Their bill, the 529 Opening Paths to Invest in Our Nation’s Students (OPTIONS) Act (H.R. 3395), enables those in apprenticeship programs to fund tools and equipment for the program out of a “529” college savings plan.
“’529’ plans are a terrific tool that makes colleges much more affordable for middle-class families,” said Meehan, who visited the International Brotherhood of Electrical Workers [IBEW] Local 654 in Boothwyn, Pennsylvania, this week to push for passage of the bill. “They allow families to finance their education tax-free and last year more than 11 million Americans invested more than $250 billion in 529 plans. But while they help individuals seeking a college education, they don’t help those who have sought careers in the trades. These unions have apprenticeship programs that are absolutely invaluable. They take countless individuals and teach them the skills they need for a good-paying middle-class job.”

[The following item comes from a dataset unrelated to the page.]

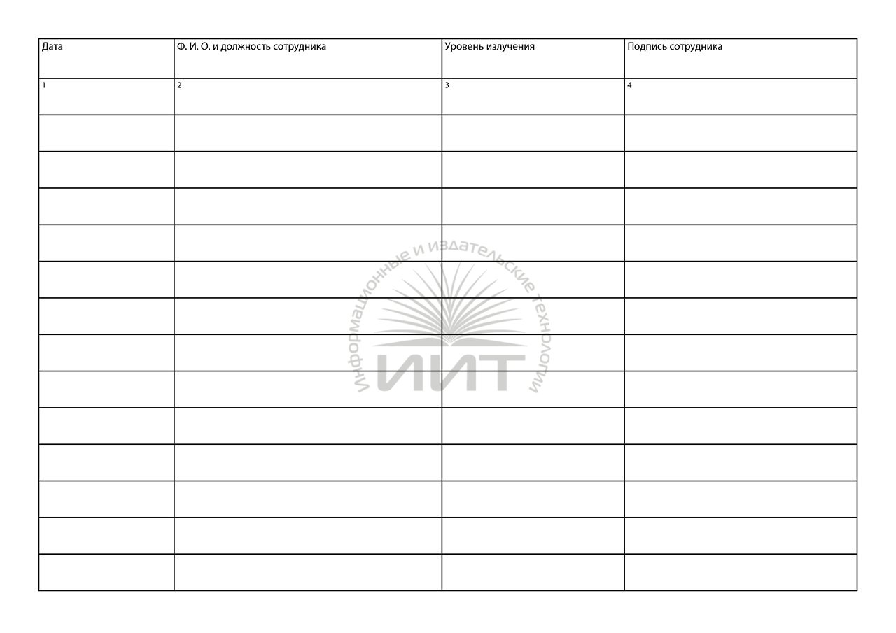 В журнал учета проведения замеров заносятся дата замера, Ф. И. О. и должность сотрудника, сделавшего замер, уровень излучения (показатель с приборов или датчиков), подпись сотрудника.

Meehan was joined at IBEW 654 by Norcross, Delaware County Councilman Dave White, IBEW 654 Business Manager Paul Mullen, Anthony Gallagher of Steamfitters Local 420, and Kevin Tighe of the National Electrical Contractors Association.
He added that despite the obvious value of an education through apprenticeship, the law today doesn’t give enrollees the same chance to use tax-advantaged funds for their tools, textbooks, and equipment as is given to college students.
“This isn’t right, and it’s something that ought to change. That’s what our bill does. It will give individuals more of an incentive to embark on an apprenticeship and it will make it more affordable when they do it,” Meehan said.
Norcross, an electrician by trade, said an apprenticeship program shaped his life, taking him from community college to construction work to Congress.
“Education and job training is not one-size-fits-all – and the rules for savings plans should reflect that truth,” Norcross said. “The four-year college experience is critical for many, but it’s not for everyone, so it’s important we allow 529s to be used in more than one way that helps shape our workforce. We need electricians and computer programmers, just like we need doctors and judges – and this bill levels the playing field for the students and future workers who start out in apprenticeships.”